Feature and Integration Matrix for Accuracy Workflows

A model with a lower hallucination rate on a public benchmark is not enough. The deployment layer must expose the controls that let teams prove, constrain, and audit the answer. For OpenAI, the relevant controls include the Responses API, reasoning effort, tool calling, structured outputs, batch processing, cached inputs, data residency options, and multimodal inputs depending on model. OpenAI’s GPT-5.5 developer guidance also tells teams to tune reasoning effort rather than always maximising it, because higher effort can increase latency and cost without improving every task.

For Anthropic, the reliability stack includes the Messages API, tool use, prompt caching, batch processing, long-context support on specific models, Claude Code workflows, context compaction, dynamic workflows in Claude Code, and first-party or cloud-provider deployment routes.
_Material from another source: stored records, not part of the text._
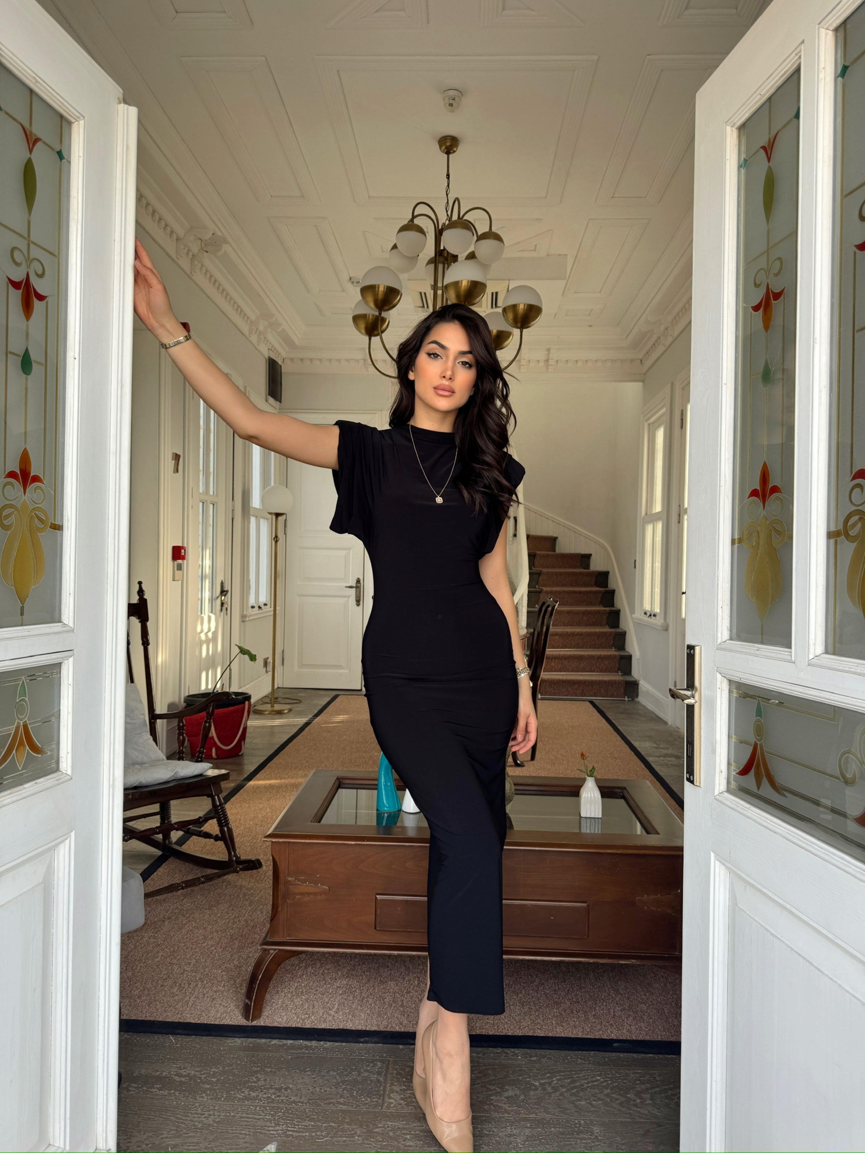 Peyker Salaş Kol Detay Vatkalı Elbise 12181 SİYAH
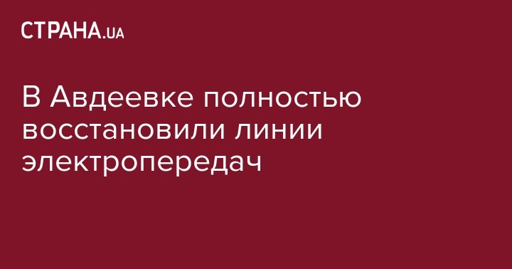 В Авдеевке, которая 18 февраля от обстрелов боевиков осталась без света, полностью восстановили линии электропередач. Об этом написал в своем Twitter пресс-секретарь президента Святослав Цеголко.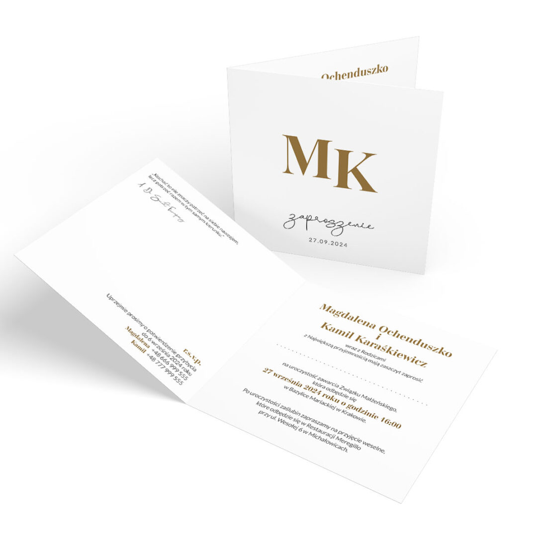 To składane zaproszenie wykonane jest z najwyższej jakości papieru gładkiego o satynowanym wykończeniu, które dodaje mu elegancji i wyjątkowego blasku. Dzięki gramaturze papieru wynoszącej 350g zaproszenie ma solidną strukturę, co sprawia, że jest trwałe i wyjątkowo prestiżowe.

Anthropic’s pricing documentation also reveals an important engineering detail: tool use can add hidden system-prompt tokens before the model even answers. That matters when comparing cost and latency across agents.

Google’s Gemini API brings multimodal input, long context, context caching, grounding with Google Search or Maps on supported models, Google AI Studio, Vertex AI routes, and, in June 2026 release notes, public preview support for Computer Use in Gemini 3.5 Flash. Perplexity’s API platform separates Sonar, Search, Agent, and Embeddings APIs. That architecture is useful when the product needs grounded answers, raw ranked results, multi-provider agents, or vector retrieval under one vendor.

The core insight is that accuracy engineering is a systems problem. A Perplexity AI statistics page may explain adoption and API context, but reliability in production comes from the feature set you can monitor. Structured output reduces schema drift, not factual drift. Search grounding reduces unsupported recall, not source misreading. Long context helps with large files, but context rot and retrieval noise can still degrade recall. The best teams therefore benchmark both the model and the surrounding control plane.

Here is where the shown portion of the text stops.